I snapped out of my wonderment at what I’d accomplished and, leaning back in order to keep my head away from the powerful kicks of the downed bull, I passed its tail between his hind legs, and lifted his leg high. I put my foot against his flank to prevent him from freeing himself by rolling. In an instant, Marlee was there with two leather straps and the bull was secured.
“Christ, mate, why didn’t you get back in the Jeep when you saw he wasn’t pinned?”
“I don’t know,” I said breathlessly, “I guess I was committed.”
“Yeah, I think you need to be committed, running around the bush holding a bull by its tail. Don’t get out of the bullcatcher until we’ve got the thing trapped, will you?”
“Shoot, Marlee, what’s the fun of that?!” Exhilaration had replaced the fear coursing through my veins. I’d brought the big fella down, and I knew I had a story to tell.
Marlee had her own story to tell. That night, at the dinner table, Marlee offered a proposal.

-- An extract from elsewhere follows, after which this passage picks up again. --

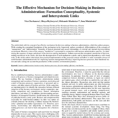 The Effective Mechanism for Decision-Making in Business Administration: Formation Conceptuality, Systemic and Intersystemic Links

“I think we oughta sell the bull catcher. We might get a few dollars for her. Then, when we need to do some bullcatching, we’ll just drive Dave out into the bush and let him run ‘em down. He’d be right keen on the enterprise, eh Dave?!”
“Or maybe we just outta trade it in for an ambulance if that’s what we’re gonna do. He’ll soon enough have a face on him like a kicked in jam tin, getting run over by a bloody great bull,” contributed Danielle. I fancied she said this with a hint of concern on her face.
“I reckon we’ll be putting a new head gasket on you pretty soon, mate, if you keep up those kind of antics.” Charlie eyed me with a level gaze, but his slight smile and the direct quality of the insults I was receiving let me know they were all, in fact, quite impressed by what I had done. I felt, in that moment, more a member of the ringer fraternity than at any point until then. Usefulness is a valuable currency on station life, and while unnecessary risks aren’t encouraged, at the end of the day getting the job done is a ringer’s reason for being. My success with the bull shaded slightly the sting I felt for causing the calamity with the King.
“Sure guys, I’ll give it a go,” I said with exaggerated bravado, “I get some exercise and we save a little gasoline. Why not?”
“Sounds good,” said Charlie, then added with a wry grin, “So the only time you need a vehicle to take down an animal is when you’re off to get a killer then, eh Dave?”
Now, why Charlie had to bring up my roadkill beef expedition in the moment of my greatest glory I will never know, but this much is certain — the juxtaposition certainly got a big laugh from Sara and the girls.